- [ASSIGNED TASK] Leaving the pictures aside, return all of the data below exactly.

- [RECORD EXTRACTS]
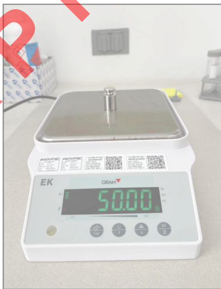
Fig 4. Prueba de carga
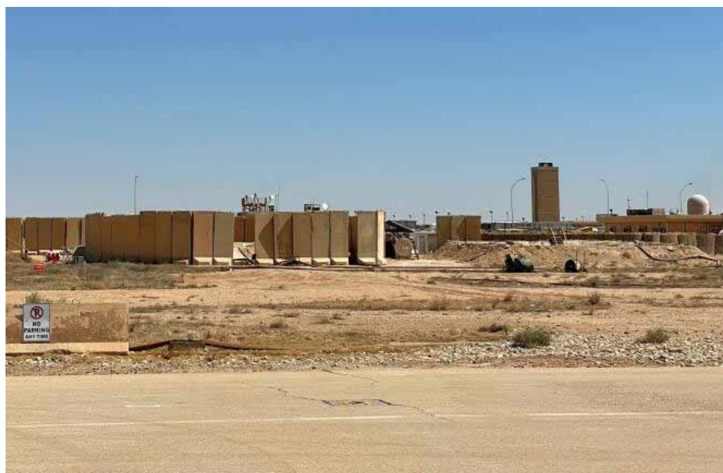
La base aérienne d'Ain Al-Asad qui accueille les forces américaines en Irak, dans la province occidentale d'Al-Anbar, le 8 juillet 2021.

Le Hachd Al-Chaabî, coalition de milices pro-iraniennes, dont certains groupes ont mené de nombreuses attaques contre
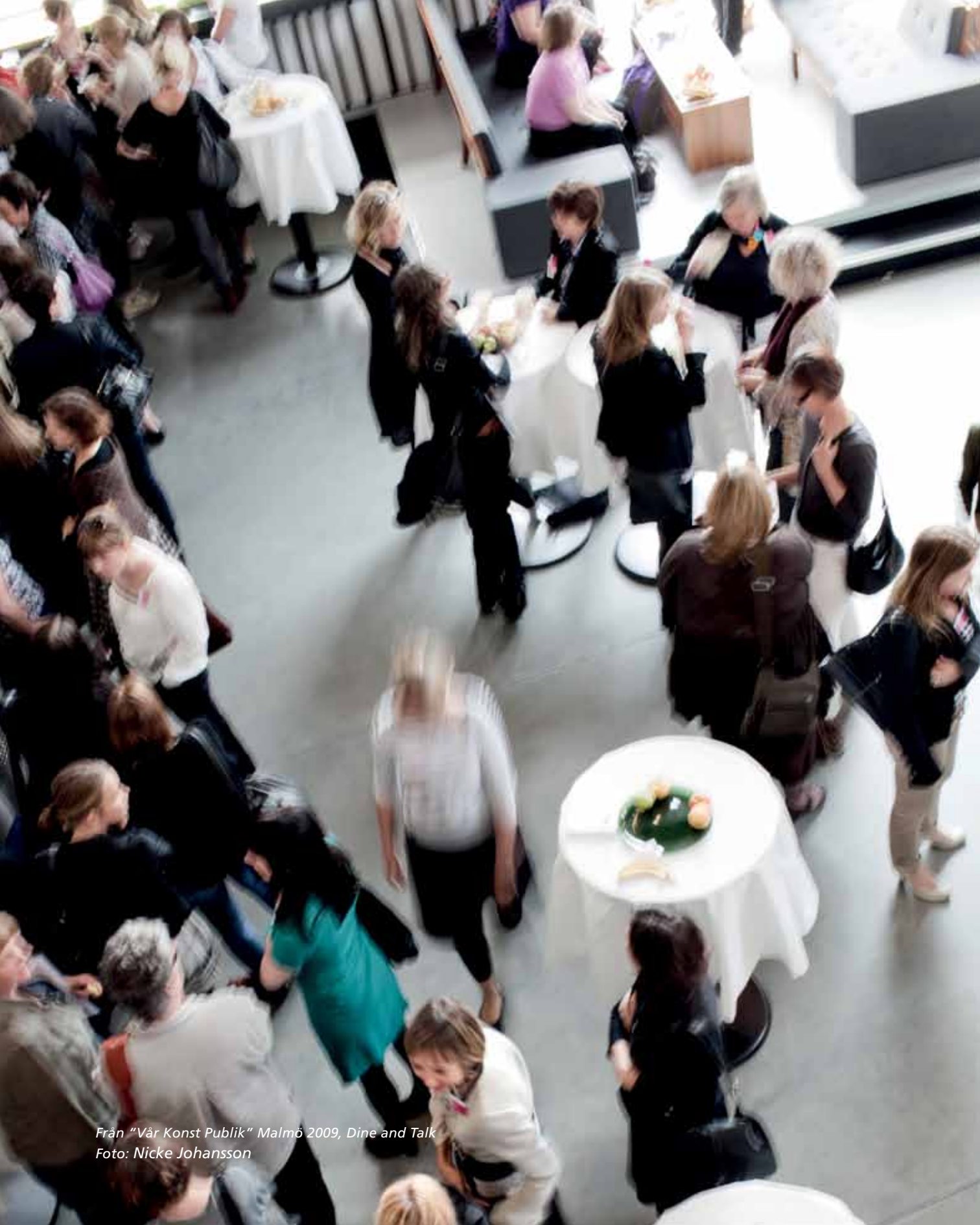
Från "Vår Konst Publik" Malmö 2009, Dine and Talk
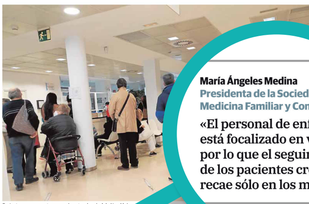
Pacientes esperan su turno en el centro de salud de Nou Molins.
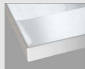
H プレンス材ホワイト
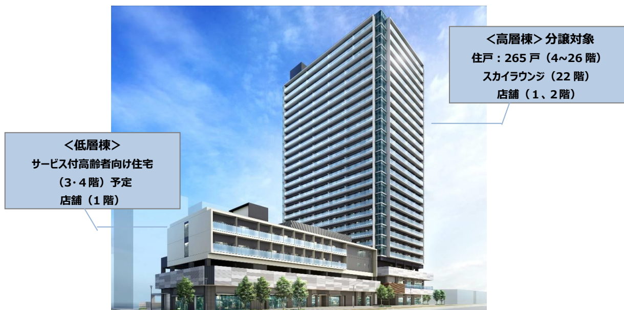
「アトラスタワー草津」を含む複合開発の完成予想パース

一次取得者層だけでなく、来場者の約 6 割は既に持家のお客様であったことが特徴です。至便な駅前立地への住み替えや買い替えなどの利用用途が推定されます。
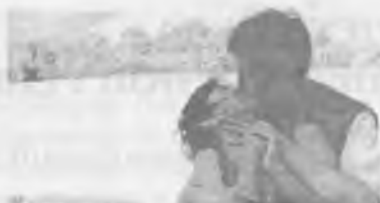
Одинокий Волк и Мудрая Сова.
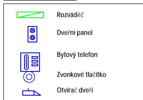
Legenda významu čar
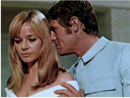
1969 VÉNUM EN FOURRURE (La Malizia di Venere) de Massimo Dallamano avec Régis Vallée
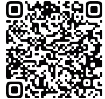
のぐち 高明 過去動画一覧

※右のQRコードを読み取ると、過去の私の一般質問の動画、ならびに過去の市政報告書が表示されます。通信料につきましては各自個人負担でお願いいたします。なお、動画はWi-Fi環境下での視聴をお勧めします。
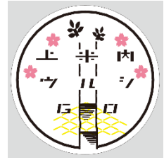
ヘッドマークイメージ

クラウドファンディングの一日駅長体験コースにご支援くださった支援者様に、上米内駅一日駅長を委嘱いたします。臨時列車の出発式や、列車到着時のお出迎え等の業務をご体験いただけます。
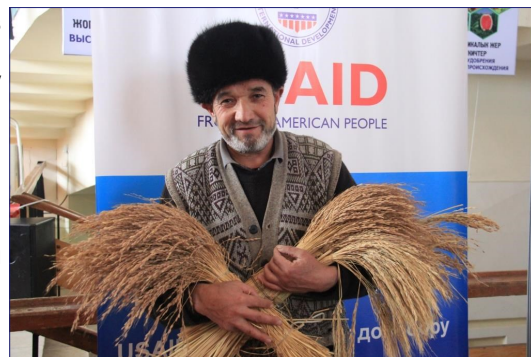
Участник форума, представляющий свою продукцию.

Больше о проекте можно узнать по ссылке .
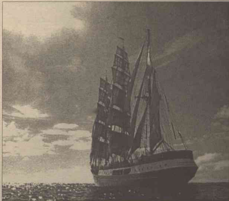
Kłajpeda zabiega o to, aby w następnym roku odbył się w tym mieście jeden z etapów Baltic Sail — międzynarodowego zlotu żeglarskiego propagującego turystykę żeglarską pomiędzy miastami Morza Bałtyckiego. Baltic Sail to wielkie spotkanie bałtyckich żeglarzy, natomiast dla zwykłych wyjadaczy chleba to niepowtarzalna okazja do zwiedzania jachtów, kontaktu z żeglarzami, przyjrzenia się z bliska zwyczajom i bogatym tradycjom od wieków rządzącym surowym życiem pod żaglami
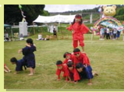
第二グラウンド「福間キッズガーデン」での運動会
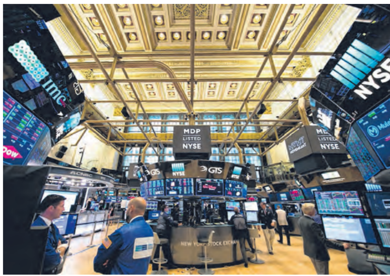
害怕错失良机的心理，促使投机者不断在股票市场回调时趁低买入，仿佛这一涨势将无限期地延续下去。(法新社)

在美国股票估值升至接近超级高昂的水平之际，我认为这次没有不同的是，投资者只关注价格而忽视价值的投资行为。事实上，这次应有不同的是，我们所采取的投资策略及管理投资组合的方式；我们应该非常谨慎地做出选择，而非不假思索地将下一个跌势视为另一个买入机会。
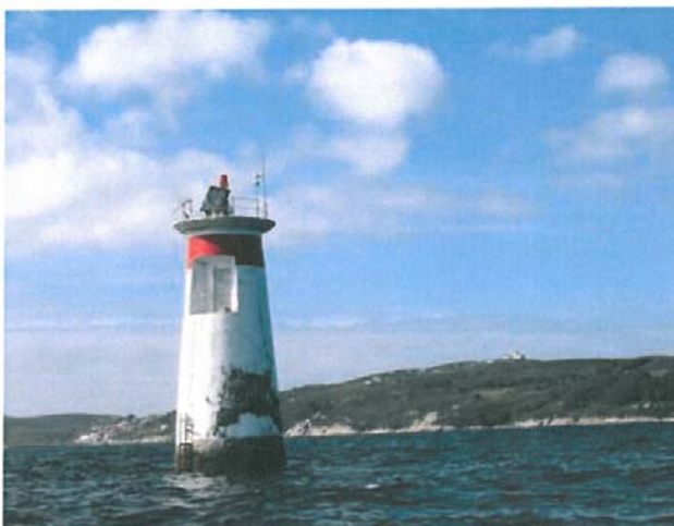
BAJO LOS CAMOUCOS Número Nacional 04540 Latitud 42° 23,80N Longitud 008°54,70W
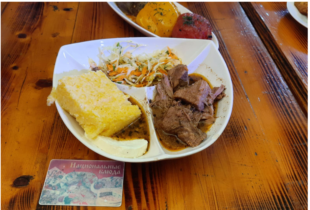
Фото 3.3.96. Лилибж – национальное блюдо адыгов, предлагаемое на этношоу в ауле Большой Кичмай.
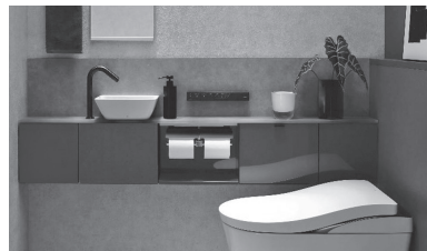
▲ブラックコーディネート
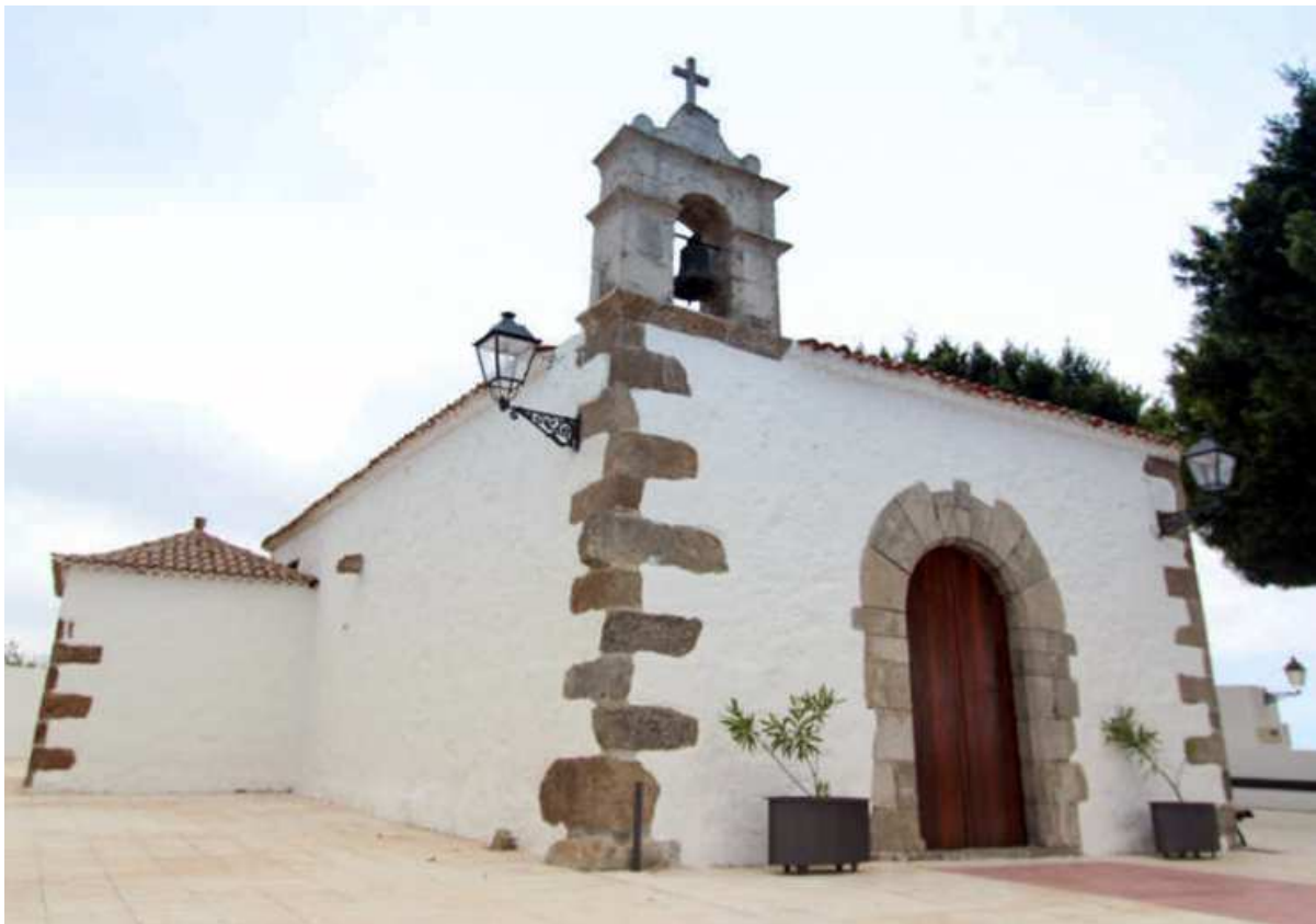
Los miembros de esta familia solían ser enterrados en la ermita de Ntra. Sra. de la Concepción de Tijoco, de la que eran patronos.
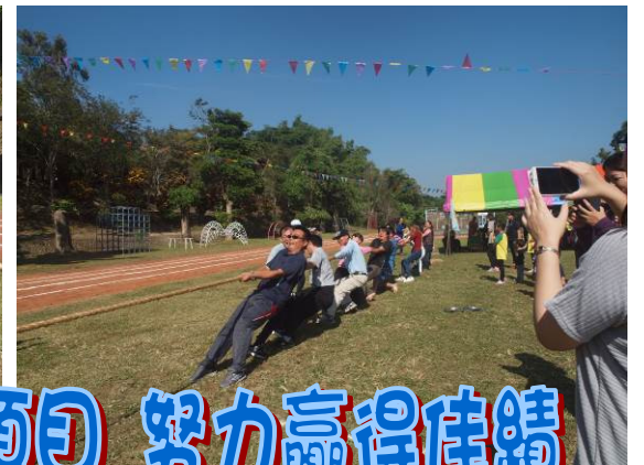
豐富有趣的競賽項目 努力贏得佳績
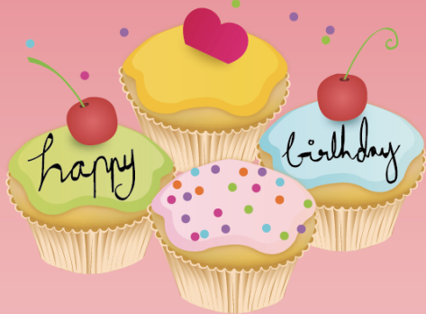
Omitama Guide Map
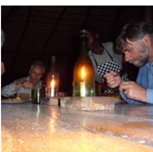
Cena a lume di candela.
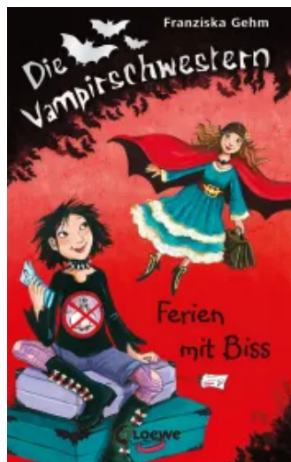
Die Vampirschwestern (Band 5) - Ferien mit Biss Hardcover
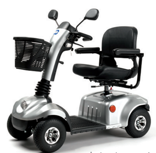
coloris gris argenté
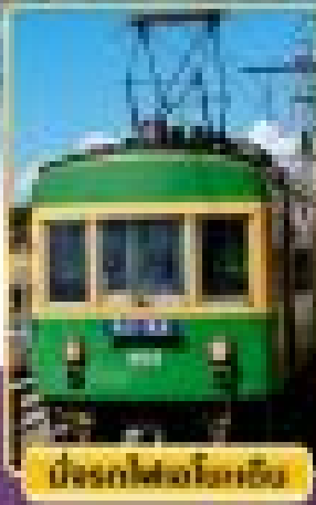
นั่งรถไฟขบวนสีเขียว
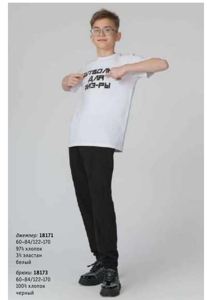
джерсер: 18171 60-84/122-170 97% хлопок 3% эластан белый брюки: 18173 60-84/122-170 100% хлопок черный
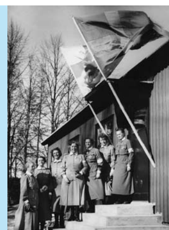
Näyttely "Ruotsin Maja kutsuu sinua" Syvärannan Lottamuseossa 31.3. asti.
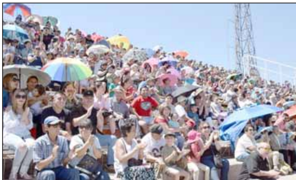
MILES APLAUDIERON. - El público abarrotó las graderías del Estadio Municipal, aplaudieron y disfrutaron de un sano y bello espectáculo equino.
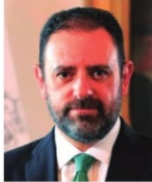
ALEJANDRO TELLO, gobernador de Zacatecas.

Ayer por la tarde, el estado llegó a 336 casos de coronavirus desde que llegó la pandemia. Cada día salen más enfermos del Covid-19 y no se sabe cuándo acabará la curva de contagios. El gobernador Alejandro Tello entiende que mucha gente ya está desesperada y que en algunos casos se han relajado los cuidados de prevención. Pero si el número de contagios no disminuye, tendrán que volver a imponer medidas severas de restricción.
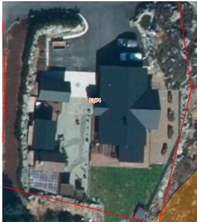
Figur 1. Eiendommen 53/74
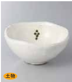
69-25-33G 950円 マスカット丸小鉢 12.5×6cm
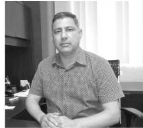
El Recaudador de Rentas del Gobierno del Estado Carlos Nafarrate Orozco.

"El último día tuvimos mucho movimiento de contribuyentes, tuvimos filas largas, pues es común que dejemos las cosas al último, pero todo salió bien y a las cinco de la tarde cerramos sin contratiempo con un incremento al doble de ingresos", concluyó.
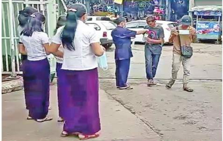
ရန်ကုန်တိုင်းဒေသကြီးအတွင်းရှိ မြို့နယ်များတွင် တာဝန်ရှိသူများက ဒေသခံ ပြည်သူများကို Mask များ အခမဲ့ပေးဝေလျှော့စားစဉ်။

များထိုးနှံပေးလျက်ရှိရာ ယနေ့တွင် စေတနာ့ဝန်ထမ်းများနှင့် ပူးပေါင်း၍ ကိုဗစ်-၁၉ ရောဂါ ကာကွယ်ဆေးထိုးနှံ ပေးခြင်းများ ဆောင်ရွက်ပေးသည်။ ထို့ပြင် ကိုဗစ်-၁၉ ရောဂါ ထိန်းချုပ် ကာကွယ်ရာတွင် အထောက်အကူဖြစ်စေ ရန်အတွက် Mask များကို ပြည်သူများ လက်ဝယ်အရောက် တိုင်းစစ်ဌာနချုပ် အသီးသီးမှ တာဝန်ရှိသူများက အခမဲ့ ပေးဝေလျှော့စားလျက်ရှိရာ ယနေ့တွင် ရန်ကုန်တိုင်းဒေသကြီးအတွင်းရှိ မြို့နယ် ၄၄ မြို့နယ်တို့ရှိ စာသင်ကျောင်းများ၊ ဈေးများ၊ လမ်းများ၊ မြို့အဝင်ဝိတ်များနှင့် လူစည်ကားရာနေရာများတွင် နယ်မြေခံ တပ်မတော်သားများက ခရိုင်၊ မြို့နယ်စီမံ အုပ်ချုပ်ရေးအဖွဲ့မှ တာဝန်ရှိသူများ၊ ဌာန ဆိုင်ရာဝန်ထမ်းများ၊ ပရဟိတအဖွဲ့များနှင့် ပူးပေါင်း၍ ကိုဗစ် -၁၉ ရောဂါ ကာကွယ်ရေး အတွက် အသိပညာပေးဆောင်ရွက်ခြင်း၊ Mask များ တပ်ဆင်ပြီးသွားလာကြရန် လှုံ့ဆော်ခြင်းနှင့် Mask များကို ဒေသခံ ပြည်သူများ လက်ဝယ်အရောက် အခမဲ့ပေး ဝေလျှော့စားခဲ့ကြကြောင်း သတင်းရရှိသည်။
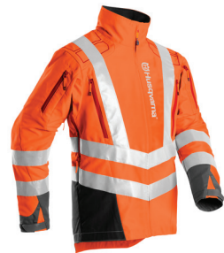
ARBETSJACKA TECHNICAL EN20471, TRIM & RÖJ 597 24 59-54
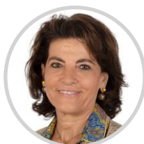
Dominique ESTROSI SASSONE Président Alpes-Maritimes Les Républicains

- [TASK RESPONSE]
Fig 4. Prueba de carga
La base aérienne d'Ain Al-Asad qui accueille les forces américaines en Irak, dans la province occidentale d'Al-Anbar, le 8 juillet 2021.

Le Hachd Al-Chaabî, coalition de milices pro-iraniennes, dont certains groupes ont mené de nombreuses attaques contre
Från "Vår Konst Publik" Malmö 2009, Dine and Talk
Pacientes esperan su turno en el centro de salud de Nou Molins.
H プレンス材ホワイト
「アトラスタワー草津」を含む複合開発の完成予想パース

一次取得者層だけでなく、来場者の約 6 割は既に持家のお客様であったことが特徴です。至便な駅前立地への住み替えや買い替えなどの利用用途が推定されます。
Одинокий Волк и Мудрая Сова.
Legenda významu čar
1969 VÉNUM EN FOURRURE (La Malizia di Venere) de Massimo Dallamano avec Régis Vallée
のぐち 高明 過去動画一覧

※右のQRコードを読み取ると、過去の私の一般質問の動画、ならびに過去の市政報告書が表示されます。通信料につきましては各自個人負担でお願いいたします。なお、動画はWi-Fi環境下での視聴をお勧めします。
ヘッドマークイメージ

クラウドファンディングの一日駅長体験コースにご支援くださった支援者様に、上米内駅一日駅長を委嘱いたします。臨時列車の出発式や、列車到着時のお出迎え等の業務をご体験いただけます。
Участник форума, представляющий свою продукцию.

Больше о проекте можно узнать по ссылке .
Kłajpeda zabiega o to, aby w następnym roku odbył się w tym mieście jeden z etapów Baltic Sail — międzynarodowego zlotu żeglarskiego propagującego turystykę żeglarską pomiędzy miastami Morza Bałtyckiego. Baltic Sail to wielkie spotkanie bałtyckich żeglarzy, natomiast dla zwykłych wyjadaczy chleba to niepowtarzalna okazja do zwiedzania jachtów, kontaktu z żeglarzami, przyjrzenia się z bliska zwyczajom i bogatym tradycjom od wieków rządzącym surowym życiem pod żaglami
第二グラウンド「福間キッズガーデン」での運動会
害怕错失良机的心理，促使投机者不断在股票市场回调时趁低买入，仿佛这一涨势将无限期地延续下去。(法新社)

在美国股票估值升至接近超级高昂的水平之际，我认为这次没有不同的是，投资者只关注价格而忽视价值的投资行为。事实上，这次应有不同的是，我们所采取的投资策略及管理投资组合的方式；我们应该非常谨慎地做出选择，而非不假思索地将下一个跌势视为另一个买入机会。
BAJO LOS CAMOUCOS Número Nacional 04540 Latitud 42° 23,80N Longitud 008°54,70W
Фото 3.3.96. Лилибж – национальное блюдо адыгов, предлагаемое на этношоу в ауле Большой Кичмай.
▲ブラックコーディネート
Los miembros de esta familia solían ser enterrados en la ermita de Ntra. Sra. de la Concepción de Tijoco, de la que eran patronos.
豐富有趣的競賽項目 努力贏得佳績
Omitama Guide Map
Cena a lume di candela.
Die Vampirschwestern (Band 5) - Ferien mit Biss Hardcover
coloris gris argenté
นั่งรถไฟขบวนสีเขียว
джерсер: 18171 60-84/122-170 97% хлопок 3% эластан белый брюки: 18173 60-84/122-170 100% хлопок черный
Näyttely "Ruotsin Maja kutsuu sinua" Syvärannan Lottamuseossa 31.3. asti.
MILES APLAUDIERON. - El público abarrotó las graderías del Estadio Municipal, aplaudieron y disfrutaron de un sano y bello espectáculo equino.
ALEJANDRO TELLO, gobernador de Zacatecas.

Ayer por la tarde, el estado llegó a 336 casos de coronavirus desde que llegó la pandemia. Cada día salen más enfermos del Covid-19 y no se sabe cuándo acabará la curva de contagios. El gobernador Alejandro Tello entiende que mucha gente ya está desesperada y que en algunos casos se han relajado los cuidados de prevención. Pero si el número de contagios no disminuye, tendrán que volver a imponer medidas severas de restricción.
Figur 1. Eiendommen 53/74
69-25-33G 950円 マスカット丸小鉢 12.5×6cm
El Recaudador de Rentas del Gobierno del Estado Carlos Nafarrate Orozco.

"El último día tuvimos mucho movimiento de contribuyentes, tuvimos filas largas, pues es común que dejemos las cosas al último, pero todo salió bien y a las cinco de la tarde cerramos sin contratiempo con un incremento al doble de ingresos", concluyó.
ရန်ကုန်တိုင်းဒေသကြီးအတွင်းရှိ မြို့နယ်များတွင် တာဝန်ရှိသူများက ဒေသခံ ပြည်သူများကို Mask များ အခမဲ့ပေးဝေလျှော့စားစဉ်။

များထိုးနှံပေးလျက်ရှိရာ ယနေ့တွင် စေတနာ့ဝန်ထမ်းများနှင့် ပူးပေါင်း၍ ကိုဗစ်-၁၉ ရောဂါ ကာကွယ်ဆေးထိုးနှံ ပေးခြင်းများ ဆောင်ရွက်ပေးသည်။ ထို့ပြင် ကိုဗစ်-၁၉ ရောဂါ ထိန်းချုပ် ကာကွယ်ရာတွင် အထောက်အကူဖြစ်စေ ရန်အတွက် Mask များကို ပြည်သူများ လက်ဝယ်အရောက် တိုင်းစစ်ဌာနချုပ် အသီးသီးမှ တာဝန်ရှိသူများက အခမဲ့ ပေးဝေလျှော့စားလျက်ရှိရာ ယနေ့တွင် ရန်ကုန်တိုင်းဒေသကြီးအတွင်းရှိ မြို့နယ် ၄၄ မြို့နယ်တို့ရှိ စာသင်ကျောင်းများ၊ ဈေးများ၊ လမ်းများ၊ မြို့အဝင်ဝိတ်များနှင့် လူစည်ကားရာနေရာများတွင် နယ်မြေခံ တပ်မတော်သားများက ခရိုင်၊ မြို့နယ်စီမံ အုပ်ချုပ်ရေးအဖွဲ့မှ တာဝန်ရှိသူများ၊ ဌာန ဆိုင်ရာဝန်ထမ်းများ၊ ပရဟိတအဖွဲ့များနှင့် ပူးပေါင်း၍ ကိုဗစ် -၁၉ ရောဂါ ကာကွယ်ရေး အတွက် အသိပညာပေးဆောင်ရွက်ခြင်း၊ Mask များ တပ်ဆင်ပြီးသွားလာကြရန် လှုံ့ဆော်ခြင်းနှင့် Mask များကို ဒေသခံ ပြည်သူများ လက်ဝယ်အရောက် အခမဲ့ပေး ဝေလျှော့စားခဲ့ကြကြောင်း သတင်းရရှိသည်။
ARBETSJACKA TECHNICAL EN20471, TRIM & RÖJ 597 24 59-54
Dominique ESTROSI SASSONE Président Alpes-Maritimes Les Républicains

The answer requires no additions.